"""

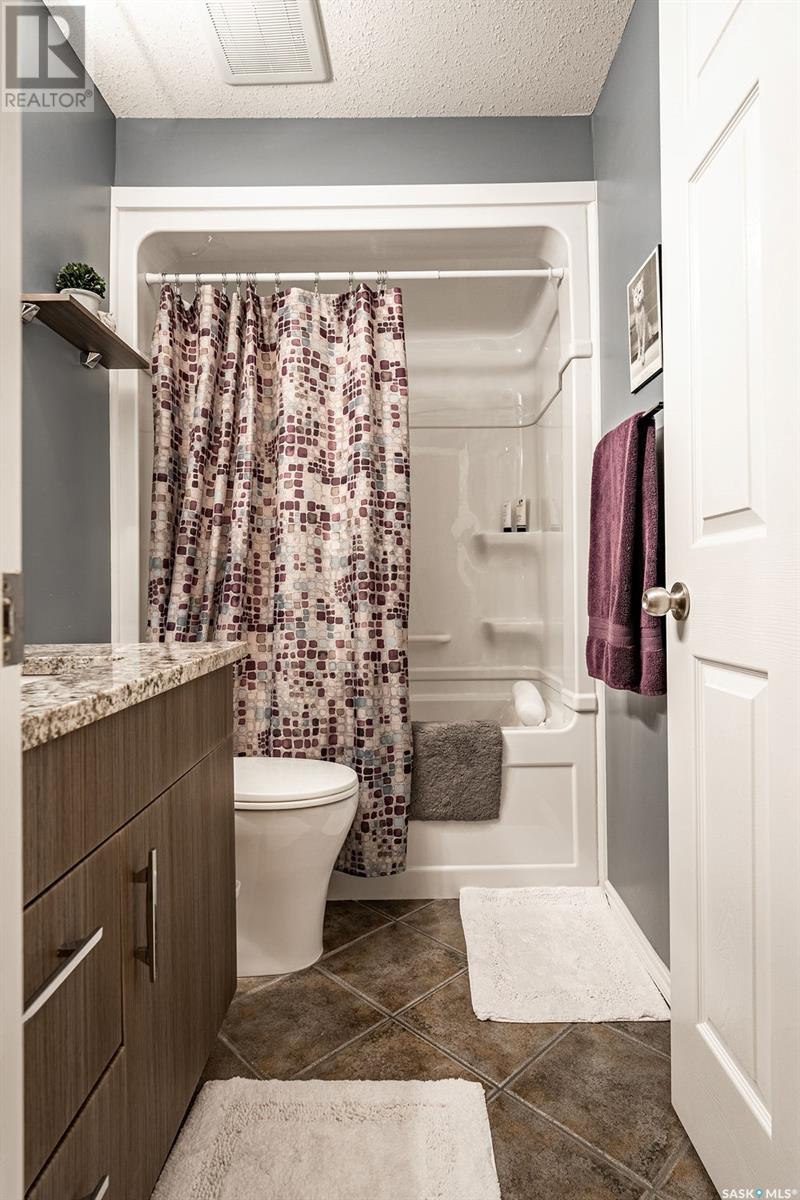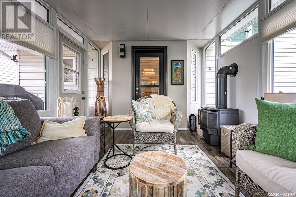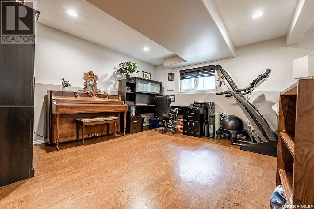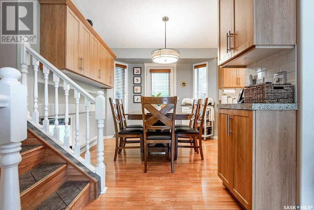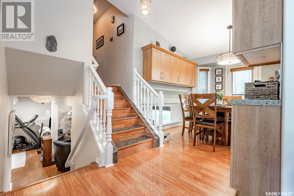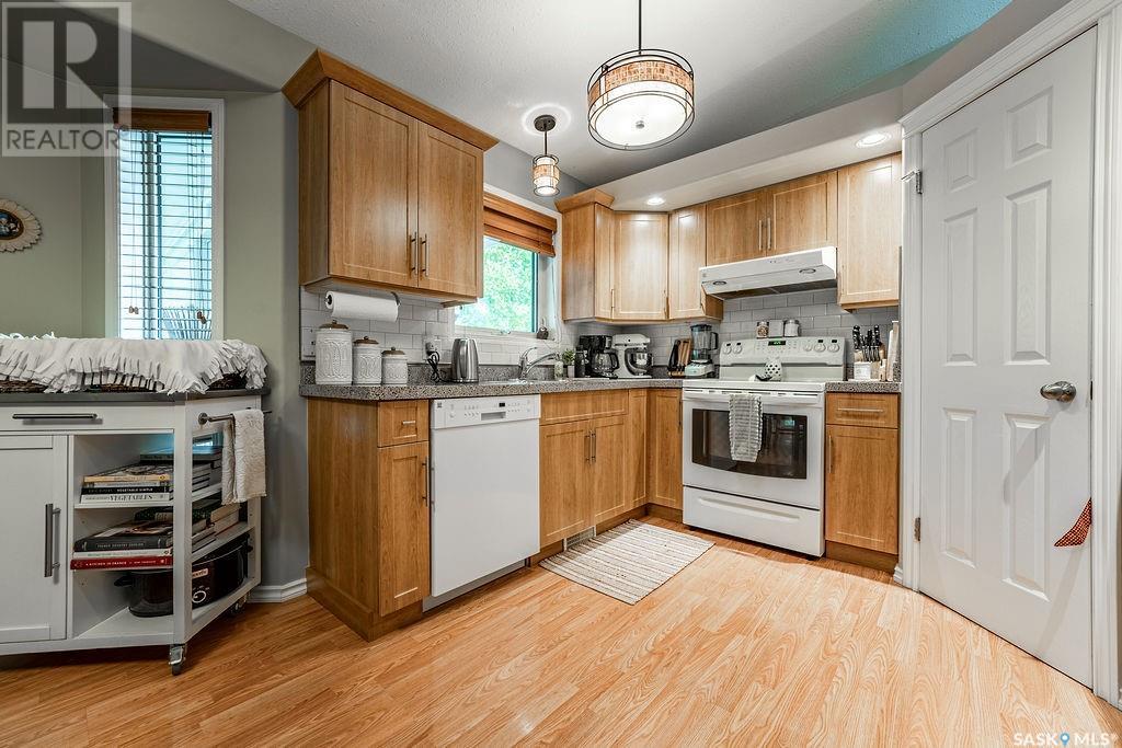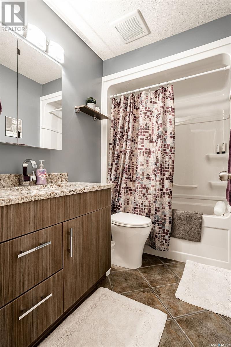 Welcome to 218 Rever Road in the desirable Silverspring community! This immaculate, updated fully-developed 4-level split is move in ready. Enter in through the tiled front foyer, into the open concept, airy living room with vaulted ceilings and enjoy the views of the garden through the large picture window. The kitchen features granite countertops, a charming coffee bar, and open dining area with views down to the third level. Off the kitchen,through the patio doors, you can relax in the serene all-season sunroom. Enjoy views of the custom landscaped backyard in the summer or cozy up to the gas fireplace in the colder months. Upstairs you will find the primary bedroom, 3pc ensuite, and 2 additional large bedrooms with upgraded cork flooring and a 4 piece bathroom. The open concept third level has a large family room, gas fireplace, nook for potential office, gym or playroom use and a 3 pcs bath. The living space continues to the fully finished basement with a fourth bedroom, den, laundry, and large storage room with shelving. Both front and back yards have been beautifully maintained and intentionally designed complete with front porch, underground sprinklers, back deck, patio, and storage shed. This home has plenty of parking with a double attached garage, and concrete driveway with RV parking. Close to public and separate schools, parks, walking trails, the Saskatoon Zoo, University of Saskatchewan, and all amenities. Take a look at the 3D tour. Call for your showing today! (id:22211)
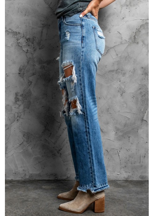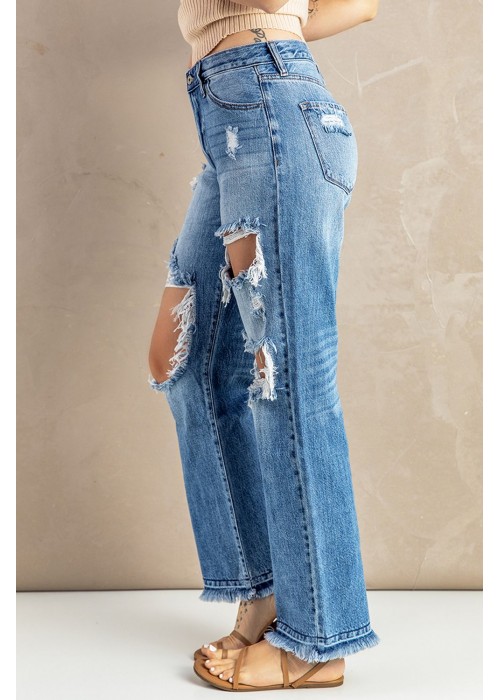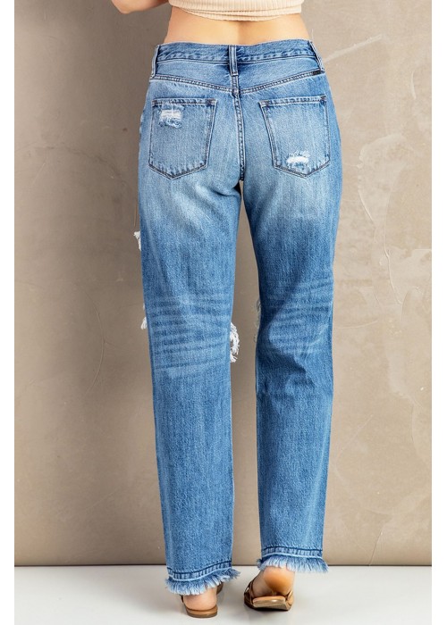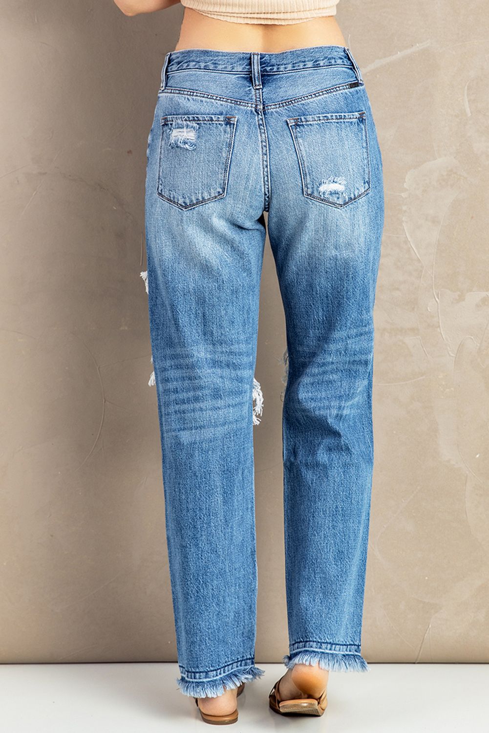 - Zip fly and button closure, pockets front and back, frayed edges finished
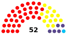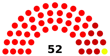 Party Seats Gains Losses Net gain/loss Seats % Votes % Votes +/−
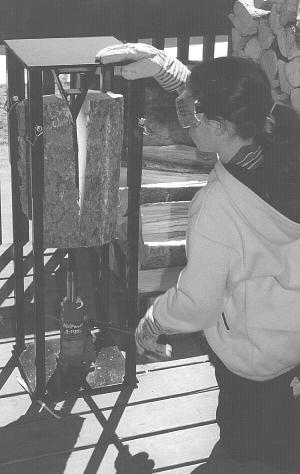 "It's much safer than an axe or powered splitter and it doesn't take up much room so you can keep it handy to use whenever you have time," says Bill Green, inventor. "I came up with the idea because I didn't want my kids to risk hurting themselves using a hatchet to split firewood. It'll take logs up to 9 1/2 in. in diameter. The jack raises 9 inches. Once you determine where to mount the pins in the legs you can use the jack's screw to make the final adjustment. On most jacks the screw can be raised about 3 1/2 inches."
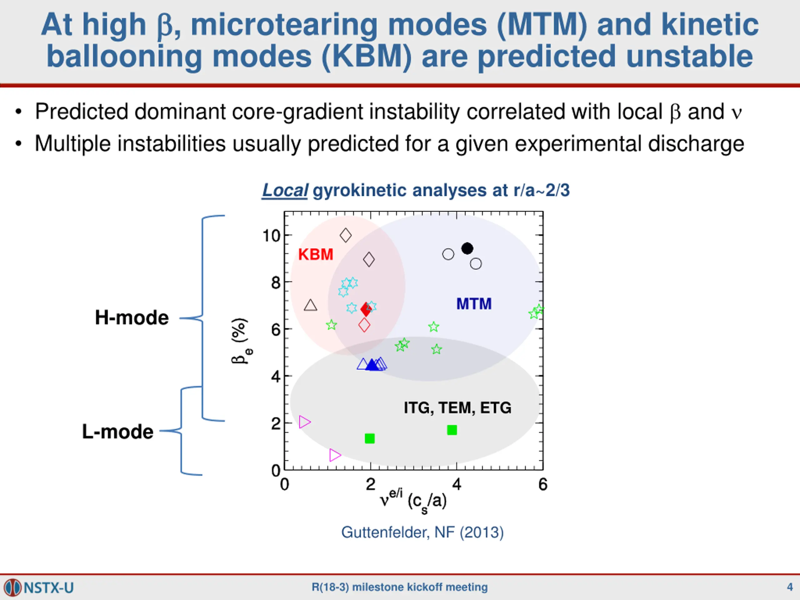 At high , microtearing modes (MTM) and kinetic ballooning modes (KBM) are predicted unstable Predicted dominant core-gradient instability correlated with local and Multiple instabilities usually predicted for a given experimental discharge Local gyrokinetic analyses at r/a~2/3 KBM MTM H-mode ITG, TEM, ETG L-mode Guttenfelder, NF (2013) R(18-3) milestone kickoff meeting 4
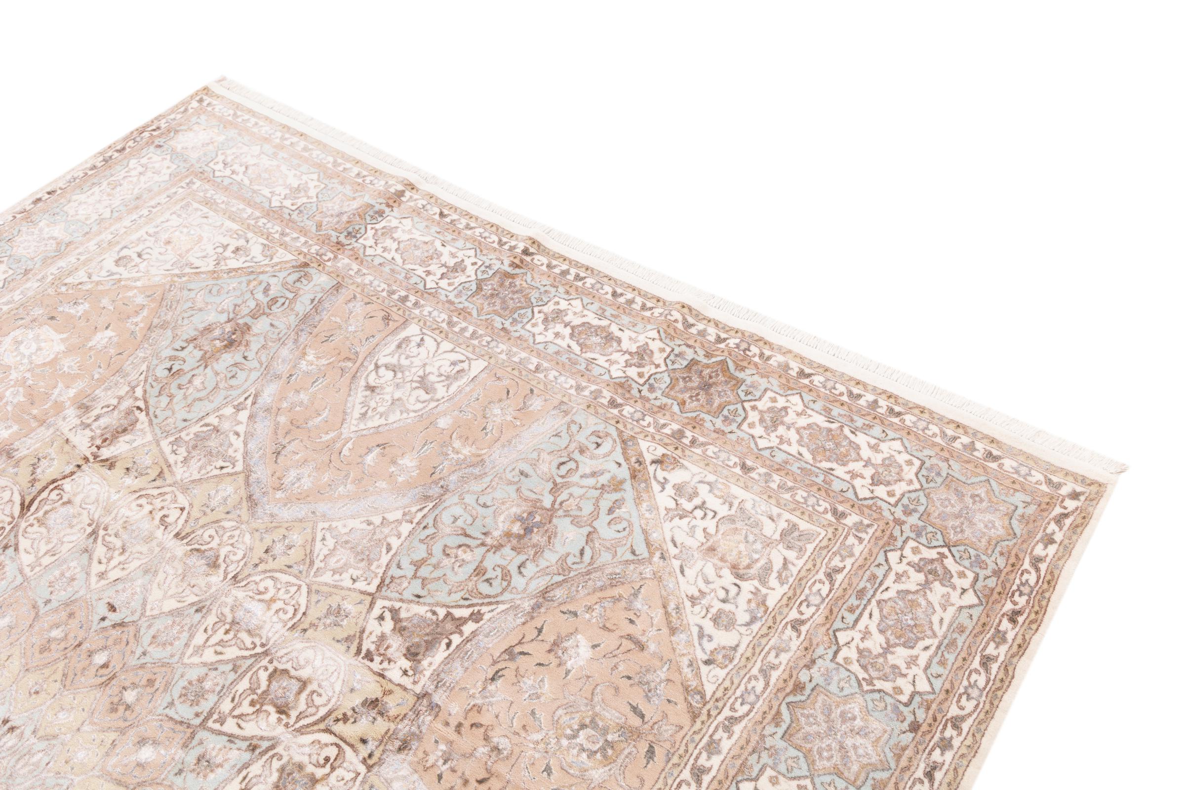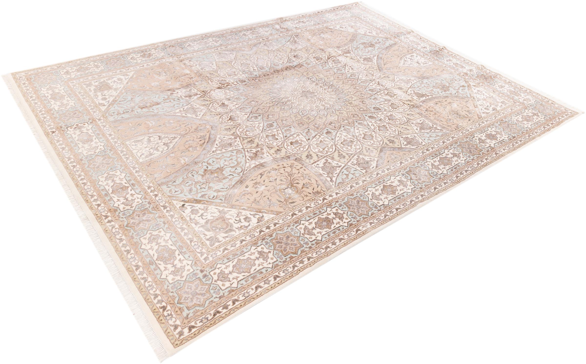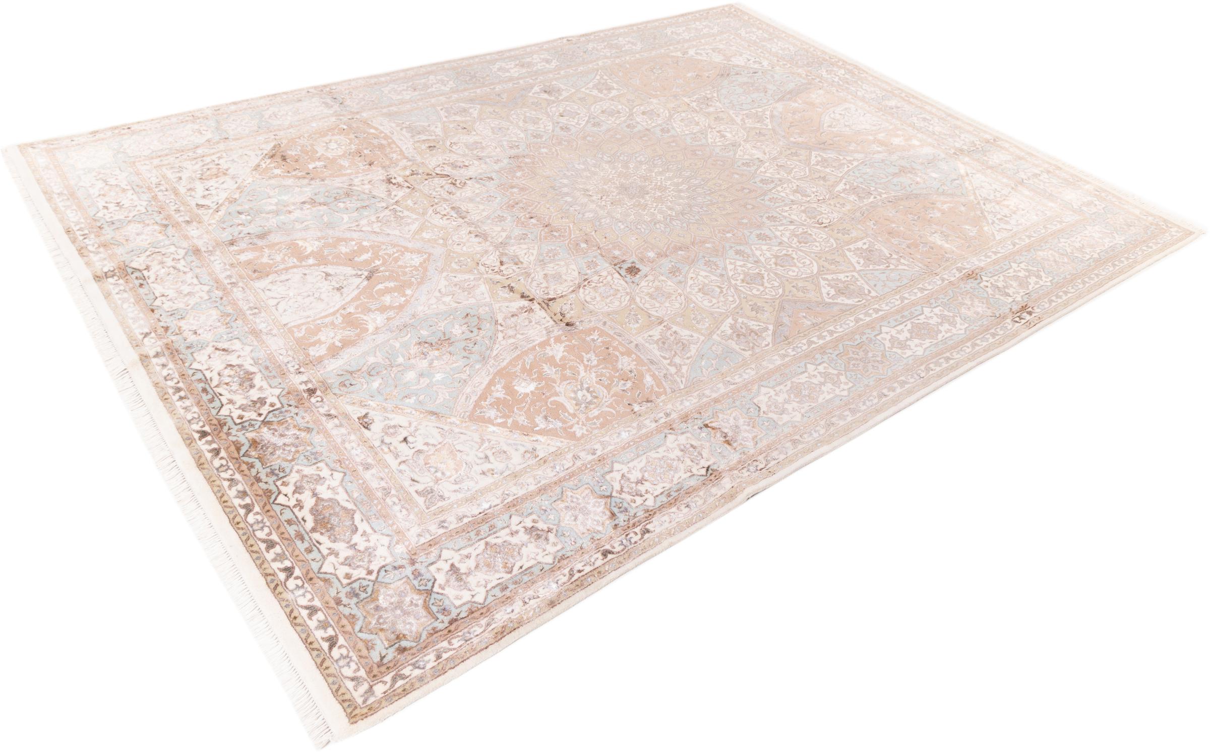 Alfombra número: 17487006 Tamaño: 360x270 cm Espesor: alrededor de 12 mm Nudos: 200 000 - 250 000 / m² Elaboración: Anudado a mano Crespón: Lana de oveja Urdimbre: Algodón Origen: India Edad: Nuevo Peso: alrededor de 39 kg También conocido como Indo Täbriz Cantidad en stock: Única - Solo 1 en stock
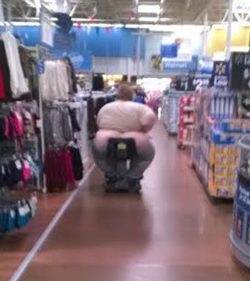 They see me rollin' they hatin' at Walmart. That must be the biggest butt crack ever. It's like the loch ness photo. It's grainy so we don't know if it's real.
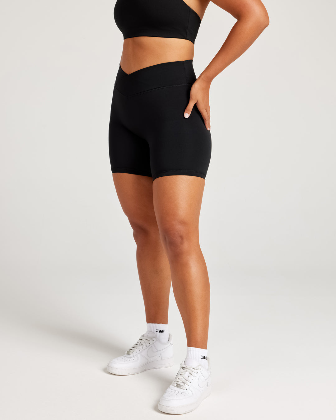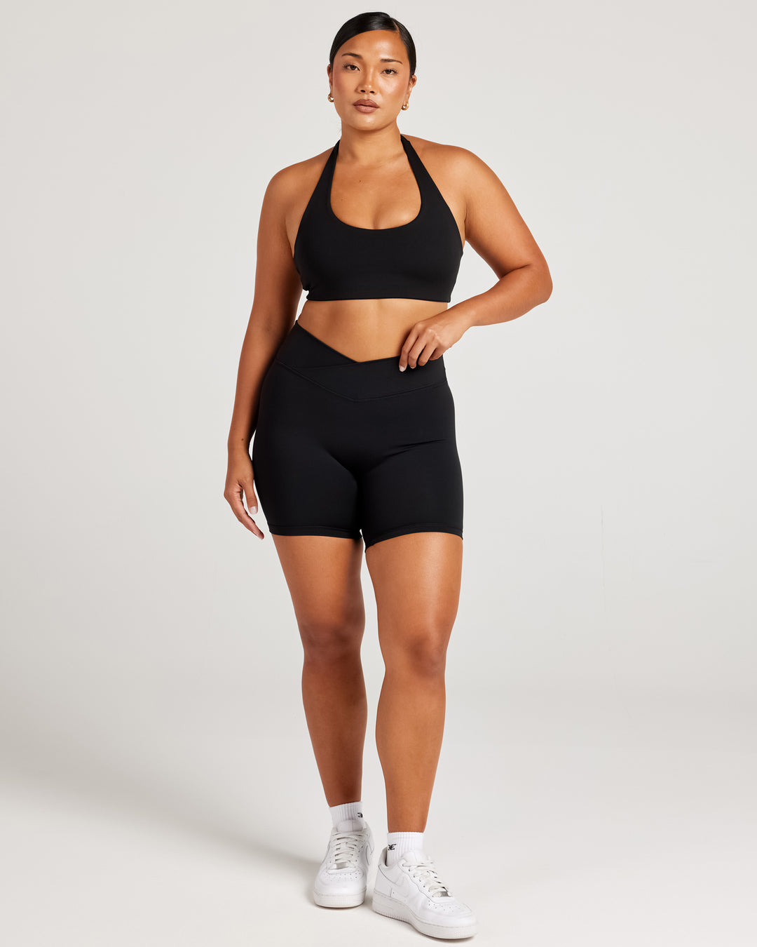 Experience our signature brushed Aura fabric, so soft it feels like a second skin. The chic crossover waistband contours and sculpts your shape, making these shorts a true essential. Perfect for your yoga flow and your coffee run.
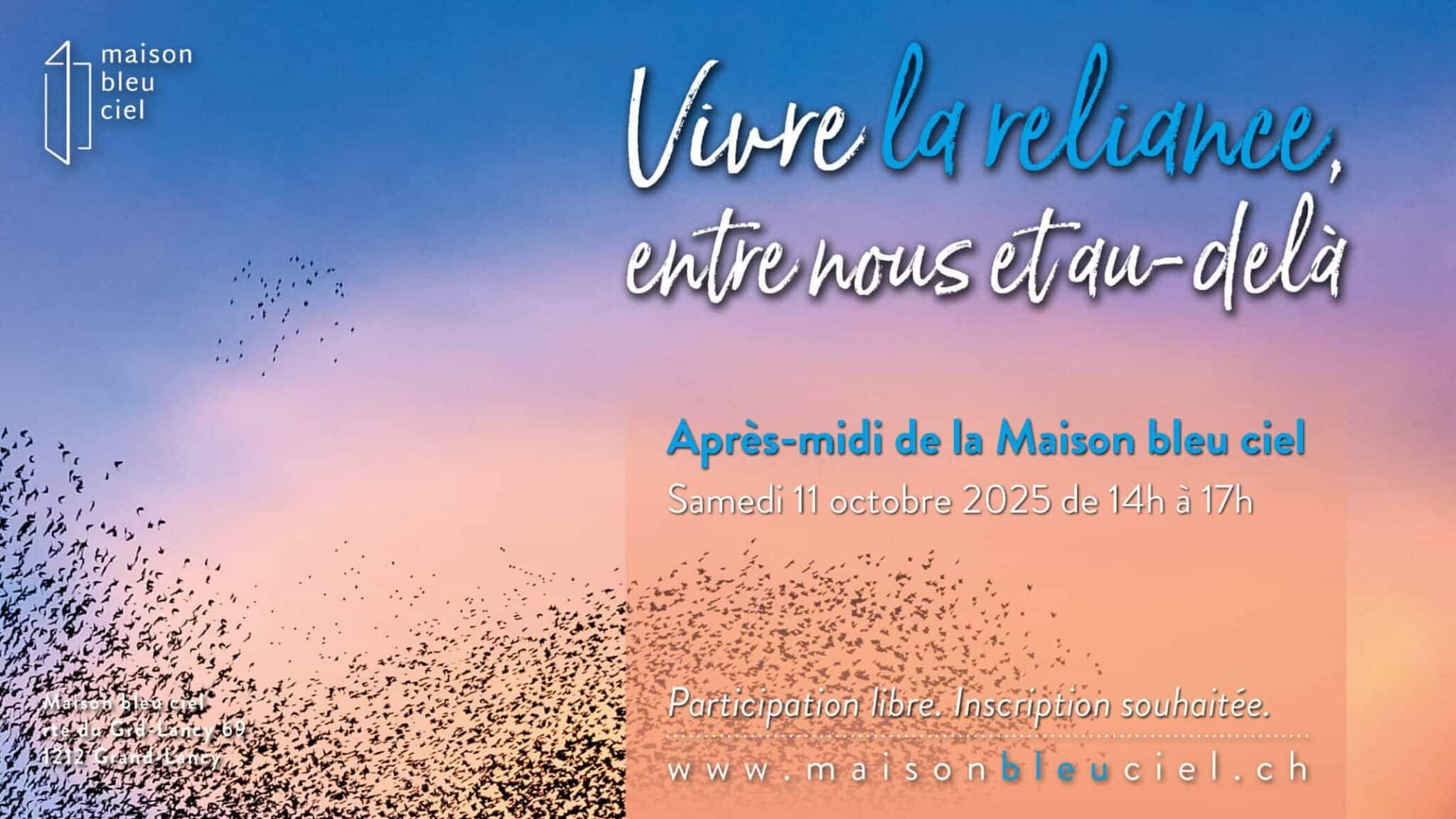 la Maison bleu ciel Rte du Grand-Lancy 69, Grand-Lancy, SuisseEn cas de difficulté pour vous inscrire, n'hésitez pas à nous envoyer un mail à info@maisonbleuciel.chVivre la reliance, entre nous et au-delà La Maison bleu ciel propose une après-midi ouverte à tou-te-s, centrée sur la vie du lieu, ses perspectives et l’écoute mutuelle. Détails

"""

What to work on:
Pictures in the entries do not go into the copy. Print only the lines starting at the one containing "- Zip fly and" and ending at the one containing "Party Seats Gains", exactly as they appear.

Response to the exercise:
 - Zip fly and button closure, pockets front and back, frayed edges finished
 Party Seats Gains Losses Net gain/loss Seats % Votes % Votes +/−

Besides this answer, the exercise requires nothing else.